Use the edge runtime with a ReadableStream response: `export const runtime = 'edge'`. In the route handler, create an Anthropic or OpenAI streaming client, pipe the stream through the Vercel AI SDK's `toAIStream()` helper, and return `new StreamingTextResponse(stream)`. The Vercel AI SDK handles SSE formatting, heartbeats, and error serialization automatically. Don't forget to set `Content-Type: text/event-stream` and `Cache-Control: no-cache` headers.

Q: How do I handle errors that happen mid-stream?

Mid-stream errors are tricky because the HTTP 200 status has already been sent. The standard pattern: (1) catch the error in your stream transformer, (2) send a special SSE event: `event: error\ndata: {message: 'generation failed', code: 'provider_error'}\n\n`, (3) close the stream.
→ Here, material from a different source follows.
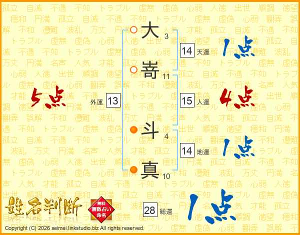 大(3画)嵜(11画) 斗(4画)真(10画)

On the client, add an `eventSource.addEventListener('error', ...)` handler (distinct from the `onerror` for connection errors) that displays the error and re-enables the submit button.

Q: What's the maximum number of concurrent streaming connections I can handle on Vercel?

Vercel Edge Functions have no explicit concurrency limit, but each function execution has a 30-second limit and uses memory proportional to the response size in flight. In practice, 1,000-5,000 concurrent streams work fine on Vercel Pro. Above 10,000, you'll hit Vercel's function concurrency quotas (default: 1,000 concurrent executions per deployment). Solution: upgrade to Vercel Enterprise, or offload connections to a dedicated WebSocket server (Ably, Fly.io) that maintains long-lived connections independently.

Q: Should I stream tool-use / function calling results?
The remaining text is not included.